Sierra nodded. The two had both slept in their robes. She noticed a stylus, a clay bottle of ink, and several blank pieces of thin papyrus on the table. She quickly scribbled a note in Latin to their hosts and Synesius. "I don't want them to worry," she said to Max in English.

The two walked along the shore and let their hands brush together. Max clasped her hand. "We've come a long way in time and place since Quivett Neck, haven't we," Max said.

Sierra nodded and squeezed Max's hand. She also squeezed back a tear in her eye.

"I don't trust anyone other than you," Max repeated what he had told her the day before.

"I trust Jonah and Synesius," Sierra said.

"I guess we have no choice," Max said. "We need their help. But I'm just saying that in the end, as the ultimate guardian of our lives and your plan, I trust only you."

Sierra squeezed his hand harder and put her head on his shoulder.

"What exactly is your strategy now, by the way?" Max asked. "Have you revised it in light of the past few days?"

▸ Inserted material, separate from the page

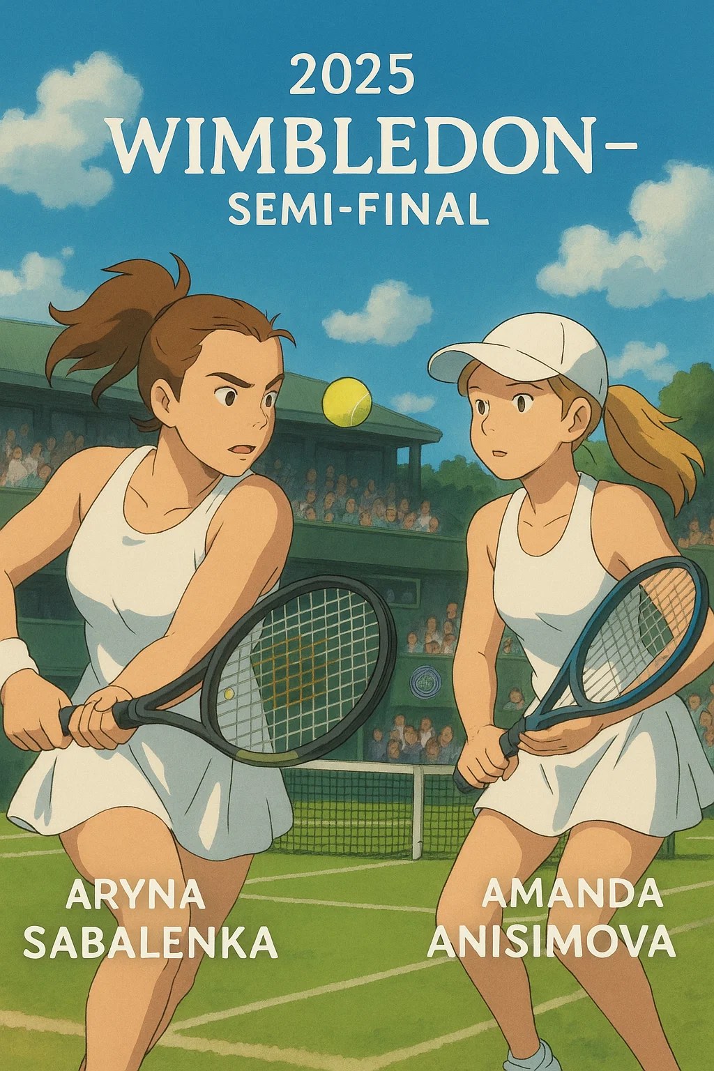 영국 런던 윔블던 올잉글랜드 클럽에서 열린 2025 윔블던 여자 단식 준결승전에서 아만다 아니시모바(Amanda Anisimova, 미국)가 현 세계랭킹 1위 아리나 사바렌카(Aryna Sabalenka, 벨라루스)를 세트 스코어 4:6, 6:4, 4:6으로 물리치고 자신의 첫 그랜드슬램 결승에 진출했습니다.

"No," Sierra said. "I still think the only reliable way to get texts out of Alexandria is by putting the scrolls into our to robes and hand delivering them to the future. Even if we can rely on the robot's loyalty, we can't rely on her memory holding up across time."

"So each of us takes four or five scrolls – some of the lost Aristotle, some authors completely lost to our history – and we deliver them to Appleton in the 19th century," Max said.

[Carthage, 413 AD]

Augustine and Heron concluded their conversation in the windy harbor. "If you board this ship now, you will be cut off from any new information," Augustine said.

"I know," Heron replied, "this is one of the great limitations of your long age in which information did not yet move at the speed of Hermes – at the speed of lightning. But if I do not leave now, I risk missing the only opportunity I may have to intercept my scroll before it is transported to the future and the cornucopia of transmission devices that flourish there."

Augustine furrowed his brow. "I think I have yet to fully master the metaphysics of time travel. What does it matter when you embark, if you know the time to which you must travel in the past or the future?"

"You are correct in your understanding, in general," Heron replied. "But I have found from cruel experience that opportunities are better taken at the time in which they are first revealed. Delay can lead to complications from unforeseen factors. There is a saying attributed in the future to Brutus–"

"Julius Caesar's murderer?"

"Yes," Heron said. "'There is a tide in the affairs of men, which, taken at the flood, leads on to fortune; omitted, all the voyage of their life is bound in shallows and in miseries.'"

Augustine nodded. "Brutus in retrospect may have been more eloquent than the man in the flesh."

"Historians are in the business of embellishing history," Heron said. "Whereas I am in the business of attempting to actually improve it."

"Noble but dangerous," Augustine said, nodded his goodbye, and slowly walked away.

Heron regarded the receding bishop and briefly contemplated his important role in future history – it was worth tolerating his incessant criticism. Heron turned, called out to his legionaries on the ship, and boarded.

[Alexandria, 150 AD]

Max pointed to a figure walking towards them in the distance.

"It's just one person," Sierra said. "With your new combat prowess this shouldn't be much of a threat."